In recent years, we have seen a growing body of evidence emerge suggesting that family members can provide stress buffering for one another (see Gunnar, 2017); when cortisol is assessed around family interaction we see evidence of social buffering of emerging adults making the transition to college (blinded citation). In the present study, we follow-up on these findings to better understand whether the effects of social buffering are specific to family members or whether any social partner may be able to provide stress buffering. By comparing cortisol response to the same triadic interaction challenge among family members and among peers, we test the following hypotheses:
1.) we will see evidence of social buffering in family triads and not in peer triads.
2.) compared to peer interaction, cortisol response to family interaction will be a stronger predictor of EA adjustment
3.) quality of triadic interaction will moderate the relationship between cortisol response and college adjustment in both family and peer interaction contexts
Method and Preliminary Results
The present study follows 200 EA participants (ages 17-19 years) making the transition to college. Participants were assigned to one of 3 conditions: family, peer, individual. All participants were video recorded during a 20-minute task while building a house of cards. Four saliva samples for cortisol immunoassay were collected at 20-minute intervals surrounding the interaction (baseline, pre-challenge, post-challenge, recovery). Student participants completed questionnaires assessing adjustment (ASR, Achenbach & Rescorla, 2003) and interactions were coded using the FSAP system (see Johnson & Gans, 2016). Participants in the family condition were accompanied to the laboratory by two parents who joined them during the interaction. Participants in the peer condition completed the interaction with two peers and participants in the individual condition completed the task alone (control).

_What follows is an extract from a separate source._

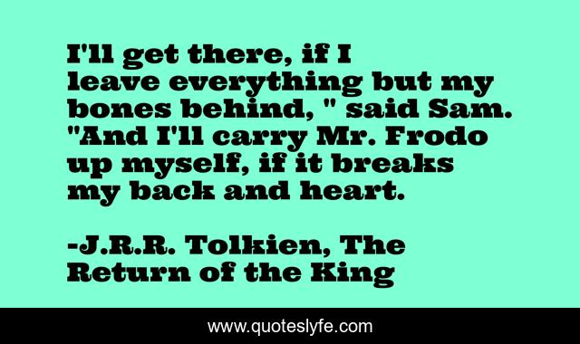 This page presents the quote "I'll get there, if I leave everything but my bones behind, " said Sam. "And I'll carry Mr. Frodo up myself, if it breaks my back and heart.". Author of this quote is J.R.R. Tolkien, The Return of the King. This quote is about enthusiasm, courage, friendship, bravery, inspirational,.

Preliminary results indicate a significant timeXcondition interaction for cortisol response (F(3,131) = 5.77, p<0.01). Participants in family and peer conditions displayed evidence of social buffering (decreasing cortisol response) whereas participants completing the challenge alone showed an increasing cortisol response pattern. Whereas social groups (peer or family) appear to be stress buffers, participants in the family condition showed significantly lower cortisol response than participants in the peer or individual condition, indicating that family members may be more potent social buffers. Additional analyses will assess whether cortisol response differentially predicts college adjustment by condition and whether the quality of the triad interaction moderates this relationship.